Она посмотрела на француза. Спокойно, прямо — тем непереносимым взглядом, который ничего не ищет и ничего не избегает, а просто фиксирует реальность, как чистое зеркало.

— Имани, — произнесла она низким, с лёгкой хрипотцой голосом. — Имани Нгой.

Её имя прозвучало как застывшая музыка, как голос, заключённый в изящный треугольник арфы, а не как обычное сочетание букв. Произнесённое вслух, оно зависло в душном воздухе на секунду дольше, чем положено по законам акустики, и от этой лишней секунды у Лео поползли крупные мурашки по предплечьям — это был не холод или страх — это было дикое, необъяснимое чувства узнавания, словно тело вспомнило звук, который никогда раньше не слышало.

— Вы местная? — спросил Реми, сокращая дистанцию.

— Зависит от того, что именно вы называете этим словом, — Имани чуть улыбнулась, и её улыбка была ровной, как зеркало воды перед тем, как в него рухнет камень.

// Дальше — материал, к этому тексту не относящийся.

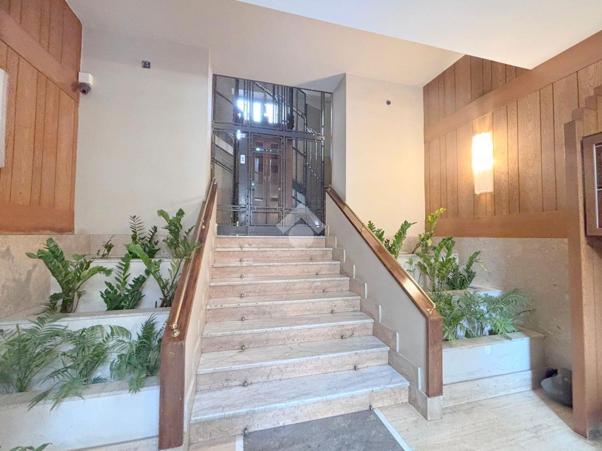 Lo stabile di cinque piani, costruito degli anni '50 con ascensore e servizio di portierato part-time, le spese condominiali ammontano a circa 200 euro al mese. Il prospetto si presenta in buone condizioni di manutenzione.

— Нет, — выдержав театральную паузу продолжила она. — В Киншасе у меня дела.

— О, и какие же?

— Личные, доктор.

Реми наигранно рассмеялся — так смеются мужчины, желающие показать, что лёгкий отпор их ничуть не задел, — и обернулся к стойке:

— Бармен, ещё текилы. Три рюмки.

Имани медленно подняла бровь, всматриваясь в запотевшее стекло.

— Я не пью текилу.

— Обязательно попробуйте, — Реми пододвинул к ней стопку. — Она отвратительна. Но в сочетании с пивом становится сносной. Как и вся наша жизнь в этой прекрасной стране.

Она посмотрела на рюмку, а затем перевела взгляд на Лео. Тот молчал. Он не мог думать об этой женщине, потому что мысль требует расстояния, перспективы, а никакой дистанции между ними уже не оставалось. Лео с удивлением фиксировал, как учащается его пульс и как внутри нарастает то самое чувство, которое испытываешь, стоя на краю глубокого обрыва: восторг, смешанный с неизбежностью падения.

— Хорошо, — согласилась Имани и взяла стопку тонкими, длинными пальцами. — Но сначала у меня вопрос к вашему молчаливому другу.

Она впилась глазами в Лео.

— Вы ведь американец?

Лео внутренне вздрогнул от безжалостной точности её догадки.

— Почему вы так решили?

— Ваш французский, — она слегка наклонила голову, и этот жест показался Лео настолько древним, будто она тренировала его веками. — Он звучит чудовищно. Он насквозь пропах Техасом.

Реми захохотал в голос, хлопая себя по колену:

— Гонзалес, она раскусила тебя с первого слова!

Лео неловко улыбнулся. Улыбка вышла вымученной.

— Мои родители из Аргентины, — выдавил он. — Но медицинскую школу оканчивал в Гарварде, а потом немного практиковал в Техасе. Так что да, мой французский ужасен. Я знаю.

— Он не ужасен, — Имани поднесла рюмку к мерцающей вывеске, и мутная жидкость вспыхнула золотом. — Он честный. Вы не умеете прятать свой акцент, Лео, а значит, не умеете прятаться сами. В наших краях это опасная редкость.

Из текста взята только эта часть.